When iterating over process.allowedNodeEnvironmentFlags, flags will appear only once; each will begin with one or more dashes. Flags passed through to V8 will contain underscores instead of non-leading dashes:

process.allowedNodeEnvironmentFlags.forEach((flag) => {
  // -r
  // --inspect-brk
  // --abort_on_uncaught_exception
  // ...
});

The methods add(), clear(), and delete() of process.allowedNodeEnvironmentFlags do nothing, and will fail silently.

If Node.js was compiled without NODE_OPTIONS support (shown in process.config), process.allowedNodeEnvironmentFlags will contain what would have been allowable.

process.arch#

The operating system CPU architecture for which the Node.js binary was compiled. Possible values are: 'arm', 'arm64', 'ia32', 'mips','mipsel', 'ppc', 'ppc64', 's390', 's390x', 'x32', and 'x64'.

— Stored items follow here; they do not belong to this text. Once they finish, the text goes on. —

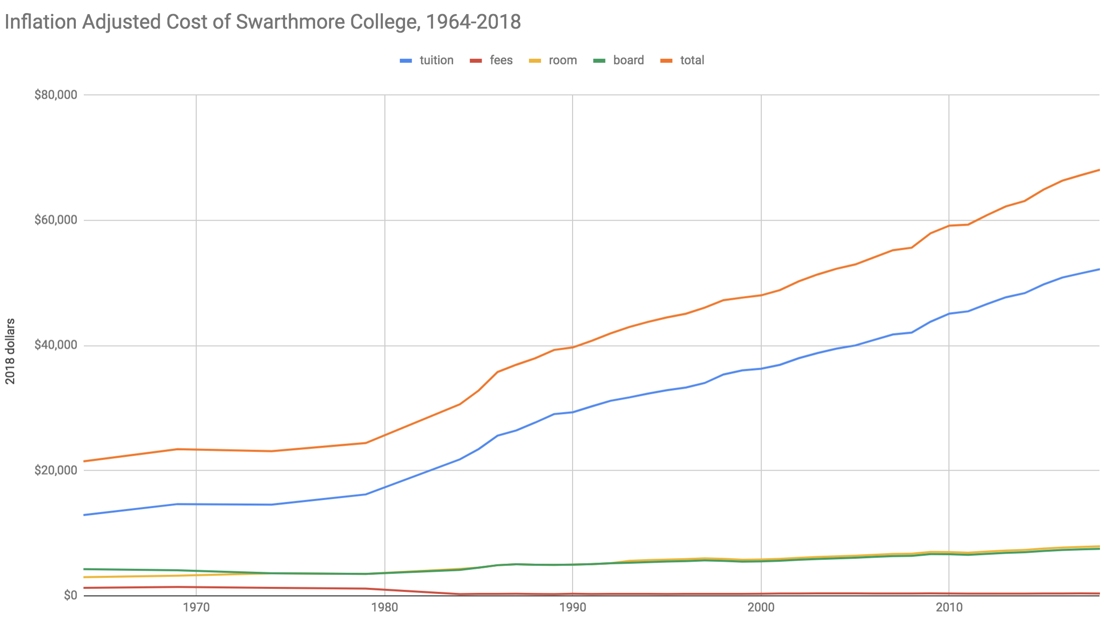 Before we can get into figuring out approaches, though, how much is college likely to cost? My kids are two and four, so letās say the mid 2030s? Letās start concrete and look at how prices have been changing at the college I went to (Swarthmore), adjusted for inflation: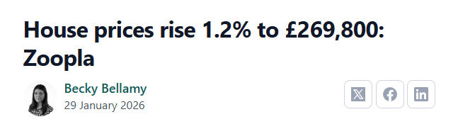 Zoopla的最新数据显示,在截至2025年底的一年里,英国平均房价上涨1.2%,增加3,200英镑,达到269,800英镑。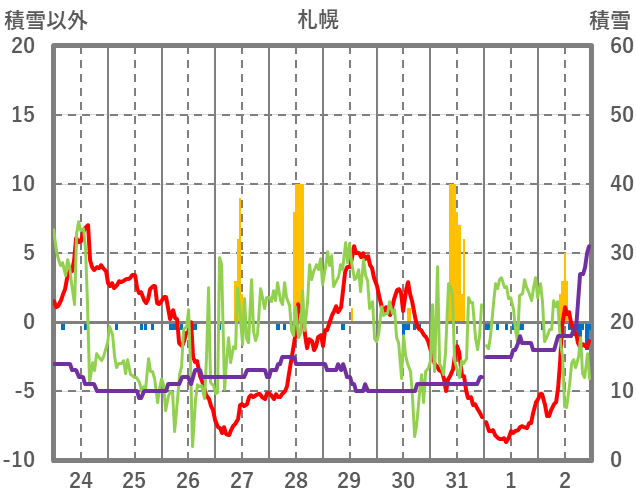 | 日 | 時 | 気温 | 降水 | 風向/風速 | 日照 | 積雪 | 降雪 |
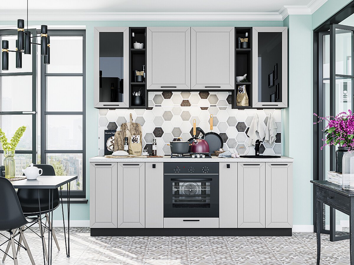 Глетчер-01 Гейнсборо Силк 77640.Расположение Прямая. Размер (В*Ш*Г) мм 2340*2200*600. Цвет каркасов Graphite. Материал каркасов ЛДСП. Цвет фасадов Гейнсборо Силк. Материал фасадов МДФ/Стекло. Отделка фасадов Пленка ПВХ «Soft Touch».. Толщина кромки мм .В комплект входит ручка профильная № 104 в цвете Антрацит с межцентровым расстоянием 160 мм и ручка кнопка № 85 в цвете Антрацит. Стекло Lacobel Black. Столешница Антарес. Толщина столешницы мм 38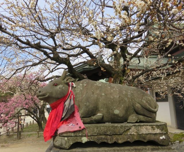 天神さまこと、菅原道真公が丑年生まれであったことから天神さまの使いとして牛が崇められています。境内には沢山の臥牛が鎮座していて、撫でるとご利益があると言われています。

console.log(`This processor architecture is ${process.arch}`);

process.argv#

The process.argv property returns an array containing the command line arguments passed when the Node.js process was launched. The first element will be process.execPath. See process.argv0 if access to the original value of argv[0] is needed. The second element will be the path to the JavaScript file being executed. The remaining elements will be any additional command line arguments.

For example, assuming the following script for process-args.js:

// print process.argv
process.argv.forEach((val, index) => {
  console.log(`${index}: ${val}`);
});

Launching the Node.js process as:

$ node process-args.js one two=three four

Would generate the output:

0: /usr/local/bin/node
1: /Users/mjr/work/node/process-args.js
2: one
3: two=three
4: four

process.argv0#

The process.argv0 property stores a read-only copy of the original value of argv[0] passed when Node.js starts.

$ bash -c 'exec -a customArgv0 ./node'
> process.argv[0]
'/Volumes/code/external/node/out/Release/node'
> process.argv0
'customArgv0'

process.channel#

If the Node.js process was spawned with an IPC channel (see the Child Process documentation), the process.channel property is a reference to the IPC channel. If no IPC channel exists, this property is undefined.

process.chdir(directory)#

The process.chdir() method changes the current working directory of the Node.js process or throws an exception if doing so fails (for instance, if the specified directory does not exist).

console.log(`Starting directory: ${process.cwd()}`);
try {
  process.chdir('/tmp');
  console.log(`New directory: ${process.cwd()}`);
} catch (err) {
  console.error(`chdir: ${err}`);
}

This feature is not available in Worker threads.

process.config#

The process.config property returns an Object containing the JavaScript representation of the configure options used to compile the current Node.js executable. This is the same as the config.gypi file that was produced when running the ./configure script.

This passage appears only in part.